McALLEN, Texas – A small plane with four people aboard crashed in rural south Texas on Monday after the pilot reported encountering turbulence that was making it difficult for him to maintain the plane’s altitude, authorities said.
The wreckage was found on a private ranch less than four miles northwest of Benavides in Duval County in an area with mesquite trees and mud, said Federal Aviation Administration spokesman Lynn Lunsford.
“Law enforcement officials reported that the crash was unsurvivable,” Lunsford said.
Texas Department of Public Safety spokesman Manuel Garza said he had no other details because the plane was still smoldering.
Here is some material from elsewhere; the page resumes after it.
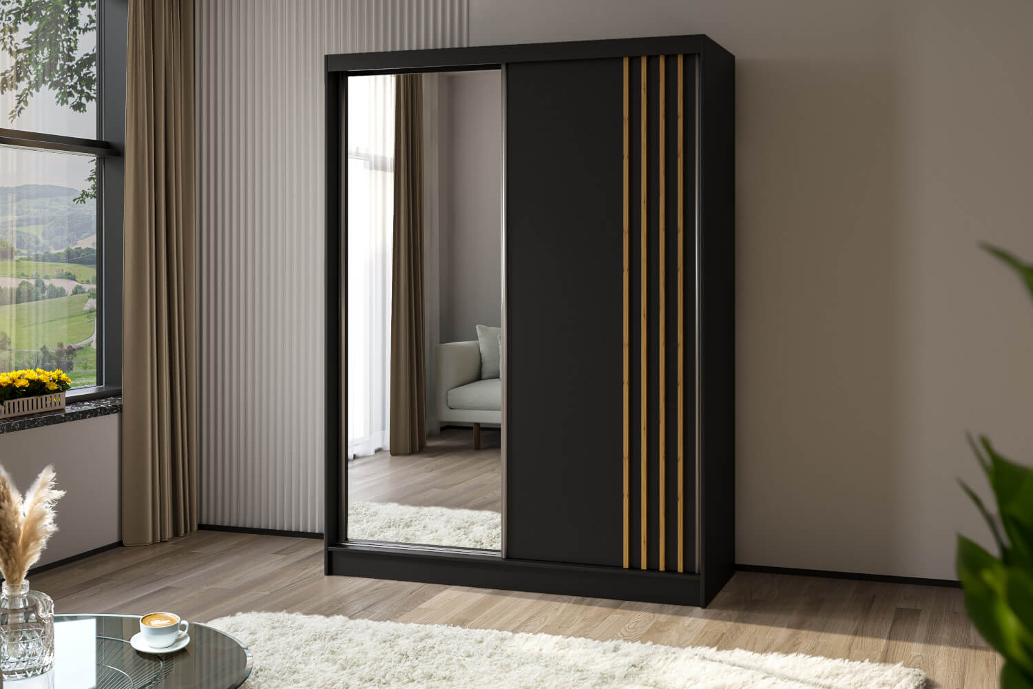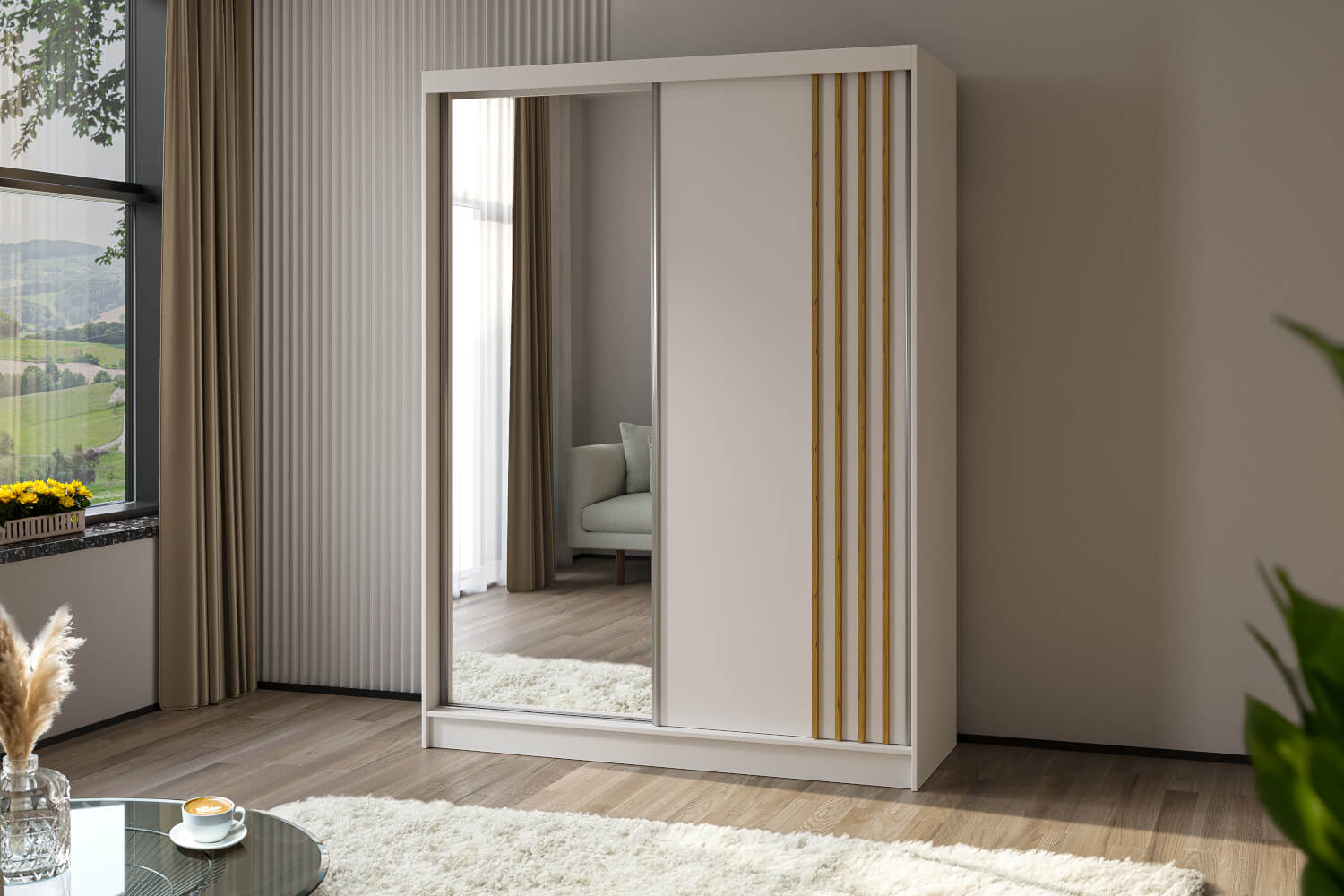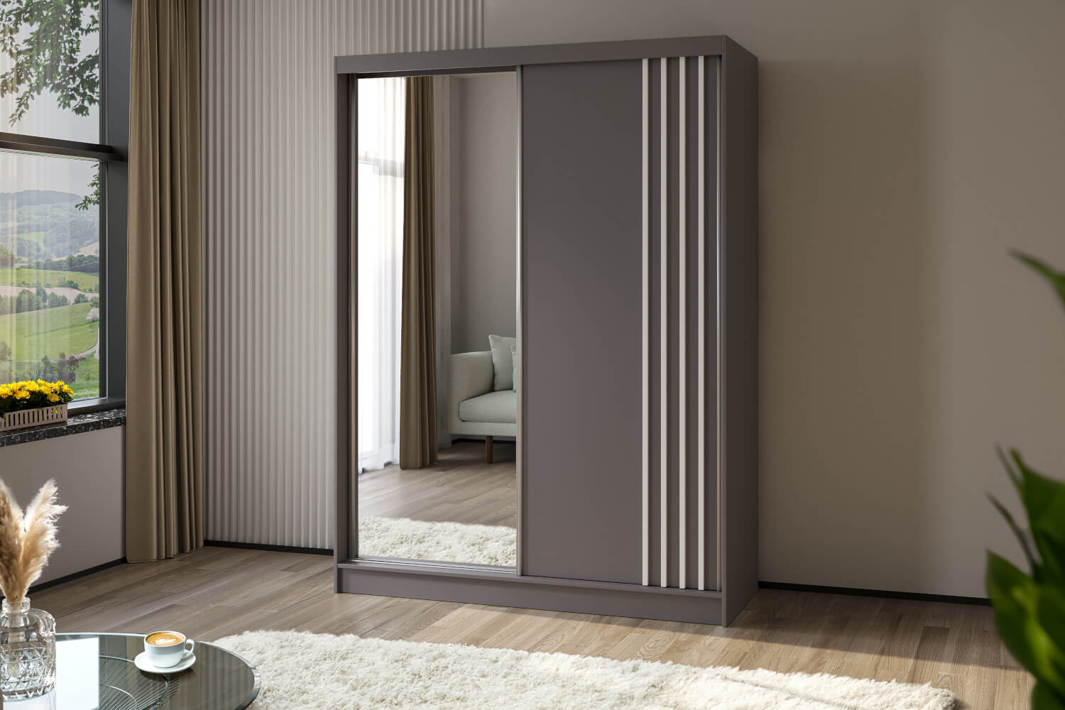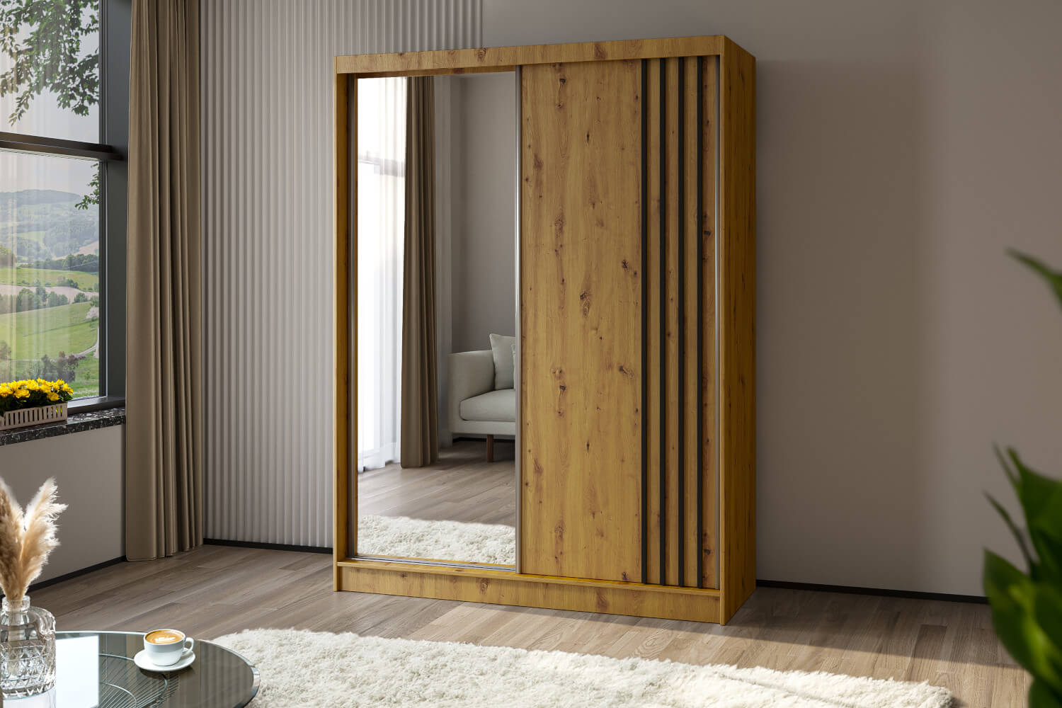 Front szafy zdobią lustrzane drzwi wzbogacone ozdobnymi lamelami, które nadają jej nowoczesnego charakteru. Model ten wykonano z solidnej płyty laminowanej o grubości 16 mm. Szafa jest nie tylko estetyczna, ale również trwała i stabilna. Jej wnętrze zostało zaprojektowane z myślą o optymalnym wykorzystaniu przestrzeni. Znajdziesz w nim funkcjonalne półki oraz drążki na ubrania, które pomogą Ci zorganizować swoją garderobę w sposób przemyślany i wygodny. Szafa jest dostępna w czterech różnych odcieniach, co daje Ci możliwość stworzenia kompozycji pasującej do Twojego wnętrza.

The twin-turboprop Beechcraft King Air vanished from FAA radar about 11:42 a.m. on Monday after the pilot reported that turbulence was making it difficult to maintain an altitude of 25,000 feet, Lunsford said. The plane was flying from Uvalde to Leesburg, Fla., when controllers at FAA’s Houston Center noticed it was losing altitude, he said.
A line of thunderstorms moved across south Texas on Monday ahead of a cold front, dropping heavy rain in areas.
The aircraft was found inverted with no forward movement. There was icing in the area from 9000ft. One theory is the tail iced up leading to a tail stall.
I thought they did something on the King Air. There’s paint and interior shop there as well. Didn’t a King Air 90 from Oregon crash down there this past year coming out of a paint shop?